Now going back to the airport official, ask him what the formal charge is against you. This will determine how long they can detain you without turning you over to the court. You will have a better chance of defending yourself in court with a lawyer, so always move to be transferred to the court’s jurisdiction. Always keep the phone number of your family lawyer handy.
For your reference, here are the relevant provisions that I’ve mentioned throughout the article:
SEC 4-A. Criminal Liability for Planting of Evidence. – Any person who is found guilty of ‘planting’ any explosive or incendiary device or any part, ingredient, machinery, tool or instrument of any explosive or incendiary device, whether chemical, mechanical, electronic, electrical or otherwise, shall suffer the penalty of reclusion perpetua.
“Planting of evidence shall mean the willful act by any person of maliciously and surreptitiously inserting, placing, adding or attaching, directly or indirectly, through any overt or covert act, whatever quantity of any explosive or incendiary device or any part, ingredient, machinery, tool or instrument of any explosive or incendiary device, whether chemical, mechanical, electronic, electrical or otherwise in the person, house, effects or in the immediate vicinity of an innocent individual for the purpose of implicating incriminating or imputing the commission of any violation of this Decree.
Section 12. (1) Any person under investigation for the commission of an offense shall have the right to be informed of his right to remain silent and to have competent and independent counsel preferably of his own choice. If the person cannot afford the services of counsel, he must be provided with one. These rights cannot be waived except in writing and in the presence of counsel.

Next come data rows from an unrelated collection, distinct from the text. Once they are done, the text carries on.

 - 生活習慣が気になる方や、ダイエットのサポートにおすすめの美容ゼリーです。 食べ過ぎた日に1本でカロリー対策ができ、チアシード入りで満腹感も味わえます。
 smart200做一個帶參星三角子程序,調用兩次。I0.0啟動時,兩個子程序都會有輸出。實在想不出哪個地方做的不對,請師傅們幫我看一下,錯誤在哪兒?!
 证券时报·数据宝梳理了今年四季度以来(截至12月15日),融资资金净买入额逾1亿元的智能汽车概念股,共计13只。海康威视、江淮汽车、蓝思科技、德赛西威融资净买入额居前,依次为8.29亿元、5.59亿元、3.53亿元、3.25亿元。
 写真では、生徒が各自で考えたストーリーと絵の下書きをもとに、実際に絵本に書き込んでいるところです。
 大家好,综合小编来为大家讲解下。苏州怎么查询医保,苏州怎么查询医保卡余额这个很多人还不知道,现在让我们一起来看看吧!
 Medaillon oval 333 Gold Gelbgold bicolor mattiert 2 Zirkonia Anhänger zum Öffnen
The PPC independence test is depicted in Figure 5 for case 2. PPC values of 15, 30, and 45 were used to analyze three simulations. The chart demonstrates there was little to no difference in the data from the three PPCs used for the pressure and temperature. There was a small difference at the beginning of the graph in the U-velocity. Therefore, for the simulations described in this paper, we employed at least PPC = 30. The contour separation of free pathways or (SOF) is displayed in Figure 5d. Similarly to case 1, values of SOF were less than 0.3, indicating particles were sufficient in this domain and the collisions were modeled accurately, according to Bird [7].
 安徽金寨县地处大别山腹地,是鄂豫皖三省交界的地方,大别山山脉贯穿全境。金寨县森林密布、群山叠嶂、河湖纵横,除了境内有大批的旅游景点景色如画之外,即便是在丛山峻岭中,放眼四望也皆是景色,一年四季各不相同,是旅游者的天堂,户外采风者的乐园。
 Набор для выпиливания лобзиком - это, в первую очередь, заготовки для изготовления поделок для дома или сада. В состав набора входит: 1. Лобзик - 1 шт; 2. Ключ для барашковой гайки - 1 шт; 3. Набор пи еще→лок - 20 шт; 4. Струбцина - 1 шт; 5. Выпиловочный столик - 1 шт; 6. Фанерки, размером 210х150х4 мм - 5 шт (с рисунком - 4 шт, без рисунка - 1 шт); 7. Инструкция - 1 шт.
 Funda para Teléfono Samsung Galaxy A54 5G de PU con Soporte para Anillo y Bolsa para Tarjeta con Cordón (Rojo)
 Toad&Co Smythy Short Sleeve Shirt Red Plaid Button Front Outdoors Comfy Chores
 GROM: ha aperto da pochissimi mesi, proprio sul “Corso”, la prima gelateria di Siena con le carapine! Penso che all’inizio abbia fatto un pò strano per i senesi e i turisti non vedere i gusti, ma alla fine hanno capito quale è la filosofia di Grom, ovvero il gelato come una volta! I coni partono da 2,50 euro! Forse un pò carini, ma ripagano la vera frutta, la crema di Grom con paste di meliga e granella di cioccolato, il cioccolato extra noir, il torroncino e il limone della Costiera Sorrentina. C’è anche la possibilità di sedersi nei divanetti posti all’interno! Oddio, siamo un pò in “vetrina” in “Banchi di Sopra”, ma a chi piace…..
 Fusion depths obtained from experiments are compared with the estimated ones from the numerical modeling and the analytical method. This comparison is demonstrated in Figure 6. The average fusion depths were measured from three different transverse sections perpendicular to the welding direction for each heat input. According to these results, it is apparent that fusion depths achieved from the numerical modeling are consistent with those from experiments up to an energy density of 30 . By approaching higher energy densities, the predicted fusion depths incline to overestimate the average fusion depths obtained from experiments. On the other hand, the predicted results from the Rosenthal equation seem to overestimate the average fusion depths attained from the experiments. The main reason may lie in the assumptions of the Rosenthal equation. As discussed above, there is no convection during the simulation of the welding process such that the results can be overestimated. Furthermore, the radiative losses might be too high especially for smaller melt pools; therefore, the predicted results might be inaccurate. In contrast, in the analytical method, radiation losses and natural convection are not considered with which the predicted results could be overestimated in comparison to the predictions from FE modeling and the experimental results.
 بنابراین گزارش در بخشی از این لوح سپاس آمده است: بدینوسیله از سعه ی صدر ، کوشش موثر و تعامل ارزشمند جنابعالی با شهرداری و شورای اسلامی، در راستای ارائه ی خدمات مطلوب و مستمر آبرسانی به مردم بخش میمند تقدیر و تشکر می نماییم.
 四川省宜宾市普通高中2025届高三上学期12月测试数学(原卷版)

(2) No torture, force, violence, threat, intimidation, or any other means which vitiate the free will shall be used against him. Secret detention places, solitary, incommunicado, or other similar forms of detention are prohibited.
(3) Any confession or admission obtained in violation of this or Section 17 hereof shall be inadmissible in evidence against him.
(4) The law shall provide for penal and civil sanctions for violations of this section as well as compensation to and rehabilitation of victims of torture or similar practices, and their families.
Section 3. Corrupt practices of public officers. In addition to acts or omissions of public officers already penalized by existing law, the following shall constitute corrupt practices of any public officer and are hereby declared to be unlawful:
(b) Directly or indirectly requesting or receiving any gift, present, share, percentage, or benefit, for himself or for any other person, in connection with any contract or transaction between the Government and any other part, wherein the public officer in his official capacity has to intervene under the law.
Article 125. Delay in the delivery of detained persons to the proper judicial authorities. – The penalties provided in the next preceding article shall be imposed upon the public officer or employee who shall detain any person for some legal ground and shall fail to deliver such person to the proper judicial authorities within the period of: 12 hours, for crimes or offenses punishable by light penalties, or their equivalent; 18 hours, for crimes or offenses punishable by correctional penalties, or their equivalent; and 36 hours, for crimes or offenses punishable by afflictive or capital penalties or their equivalent.